Normalerweise ist in solch einer Situation die Angst vor Entdeckung so groß,
daß man schon aus Hysterie beide umbringen würde. Wo Aggression
herrscht und Frustpotential abgebaut wird, kommt es fast immer auch zu
hysterischen Reaktionen. So kaltblütig wäre wohl nicht mal ein
Geisteskranker.«
»Na und? Was willst du
damit sagen?«
»Daß ihm das
Opfer egal war.«
Nabel verstand nicht, und
diesen Zustand konnte er nunmal nicht leiden. »Aber das Opfer war
ihm doch egal. Es hätte irgendeinen Freier treffen können.«
»Ich meine, daß
ihm nicht nur …« Lidia stockte. »Aber vielleicht
verrenn ich mich da. Vielleicht hatte er Ladehemmung nach dem ersten Schuß?

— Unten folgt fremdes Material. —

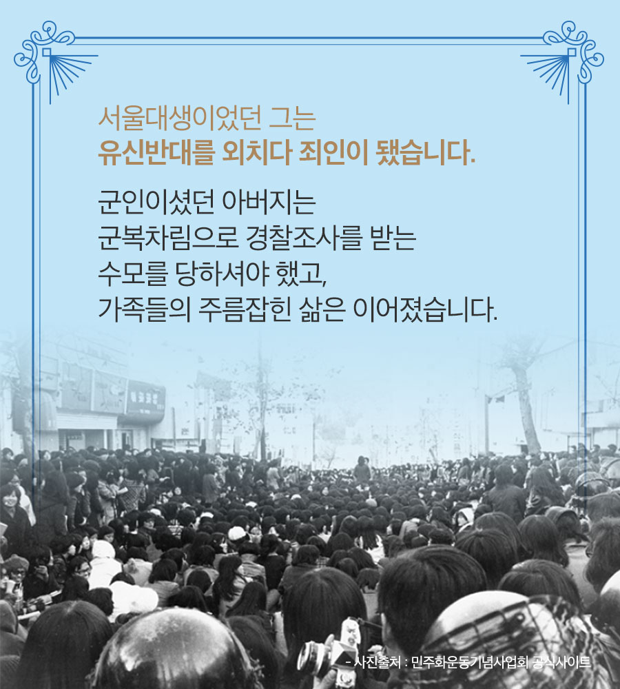 서울대생이었던 그는 유신반대를 외치다 죄인이 됐습니다.
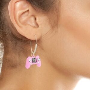 Charming pink controller earrings with glittering stones. Adds a playful flair.

Kai, merkst du was? Ich bin nicht so souverän wie sonst. Der Fall
liegt mir einfach nicht, er legt sich quasi quer in mir. Liebst du mich
trotzdem?«
Nabel erschrak, und sein
Blick nahm Zuflucht in ein menschenleeres Eck des Büros. Lidia
feixte, es war ein flapsiger Spruch gewesen, nichts weiter. Ob sie sein
Zucken bemerkt hatte?
Ahmed war unterwegs, um
routinemäßig im persönlichen Umfeld des toten
Heizungsbauers zu recherchieren. Erwartungsgemäß schien der,
wie die anderen Opfer auch, keine Feinde gehabt zu haben, besser gesagt,
keine nennenswerten. Die Hinterbliebenen schilderten Herrn Nentwig als
treusorgenden Familienvater. Die Witwe verstieg sich gar zur Behauptung,
er sei der Prostituierten bestimmt nur aus Unerfahrenheit gefolgt oder sei
womöglich – ausnahmsweise, ganz ausnahmsweise – betrunken
gewesen.
Ahmed hätte ihr sagen können,
daß bei der Obduktion ein Promillegehalt von null Komma null
festgestellt worden war, aber er hielt die Klappe und ließ der Witwe
ihr Hintertürchen zum guten Glauben offen.
Ahmed wußte, daß
das, was er hier tat, nur ein besseres Beschäftigungsprogramm war.